Born in 1946, Johnson was one of six African-American students who came to Duke in 1964, the second year that black undergraduates were admitted. Her father was a steel-mill worker in Richmond and her mother a domestic worker and a cashier in a tobacco factory. Along with the high expectations normally placed on all freshmen, she had an additional load to carry. "When I went to Duke, I went with the blessing and the responsibility of the whole community.

"Personal advancement was what I sought to do, but it was very closely linked with advancement for my entire race. It makes you very serious about your work, but it is an awesome thing."

The sense of community responsibility inspired her during her college years. She was one of the founders of the Afro-American Society, and was involved in some of the iconic events of the Sixties on the Duke campus. In 1967, she took part in the day-long "study-in" in President Douglas M. Knight's office that resulted in the administration's prohibiting the university's use of segregated facilities.

In 1968, the day after Martin Luther King Jr. was assassinated, she marched with hundreds of other students to Knight's house, where they presented a list of demands that included calling for his resignation from the segregated Hope Valley Country Club. The protest moved to the quad in front of Duke Chapel, where as many as 1,500 students stayed for four days, in the now-famous Silent Vigil in support of striking Duke workers.

The following year, she was among the black students who took over the Allen Building and presented a list of demands that included banning Duke organizations from using segregated facilities and providing better working conditions for non-academic staff members of the university. The students also demanded that the university establish a department of Afro-American studies. They left the building peacefully at the end of the day but outside encountered a large crowd of mostly white students. The police were called in to handle the resulting conflict and fired tear gas on the crowd--including Johnson.

Johnson's career path reflects her ongoing interest in effecting social change. As a researcher and faculty member at North Carolina A&T University, she studied the public-transportation needs of low-income and handicapped persons. Now she is working with her husband, the Reverend Nelson Johnson, at The Beloved Community Center of Greensboro Inc., an organization that promotes racial, economic, and social equality. She is also involved in Greensboro's Truth and Community Reconciliation Project, based on the South African model. Members of a special conciliation commission are investigating the 1979 shooting deaths of five labor and community organizers at a Greensboro rally.

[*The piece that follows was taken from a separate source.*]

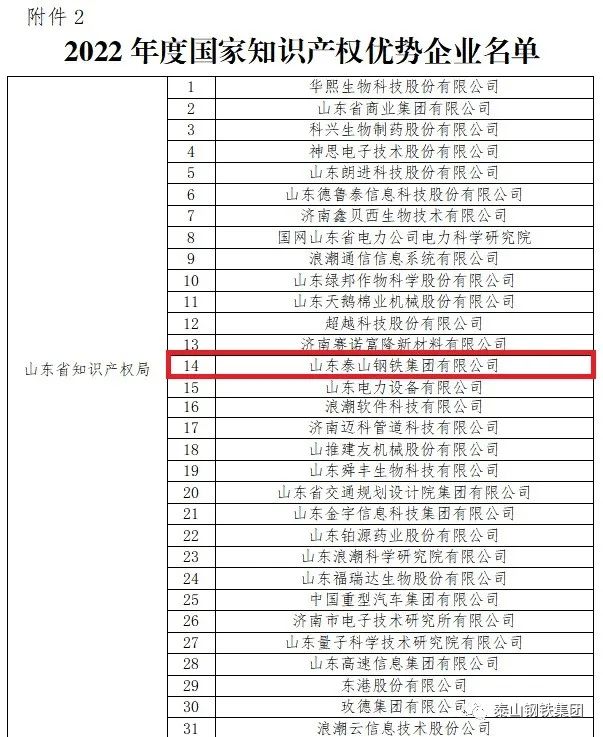 根据《国家知识产权局办公室关于面向企业开展2022年度知识产权强国建设示范工作的通知》要求,经企业测评、推荐上报、审核确认等程序,近日,国家知识产权局公布2022年度国家知识产权优势企业和示范企业名单,泰山钢铁集团上榜“国家知识产权优势企业”名单。

"My husband and I never gave up our Sixties activism," she says.

Johnson may have been one of just a handful of African Americans at Duke, but that tiny percentage is not representative of the generation as a whole. Nearly one-third of late boomers are minorities: Asian, Hispanic, or African American. In Johnson's early boomer group, the proportion of minorities is also very high--about 25 percent.

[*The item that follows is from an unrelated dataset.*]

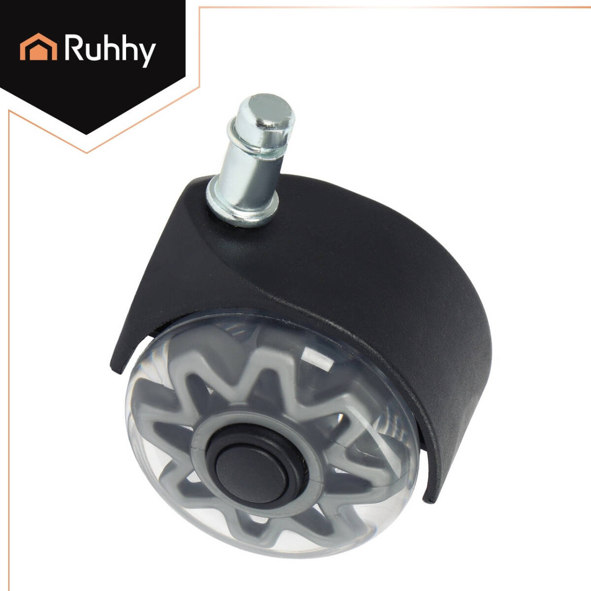 Коліщата для офісного крісла RUHHY 2,5" забезпечують тихий хід (менше 25 дБ), плавний оберт на 360° та надійний захист підлоги без додаткових матів. Підшипники зі сталі високовуглецевої марки і м’який поліуретановий біговий шар гарантують довговічність і комфорт щодня. Монтаж займає менше хвилини: витягніть старі — вставте нові.

"We didn't expect so many of the baby boomers to be minorities and foreign-born," says researcher Angela O'Rand. "Nowhere was that image there. You didn't see it anywhere. You didn't see a group of highly ethnically diverse people in middle age."

One factor that contributed to the diversity of the baby boomers was immigration: 12 percent of early boomers and nearly 15 percent of late boomers are immigrants. The level of immigration in the 1990s was the highest since the turn of the twentieth century, and immigrants usually are between the ages of thirty and fifty. So, for the past thirty years, immigrants have been in the baby-boom category, O'Rand notes.

Julia Bedell, who earned a chemistry degree at Duke, came to the U.S. from Taiwan with her family at age eleven. She doesn't think of herself as a baby boomer. Born in 1963, she was just four years old when Seth Grossman was writing for The Chronicle and Joyce Johnson was taking part in the sit-in at the Allen Building.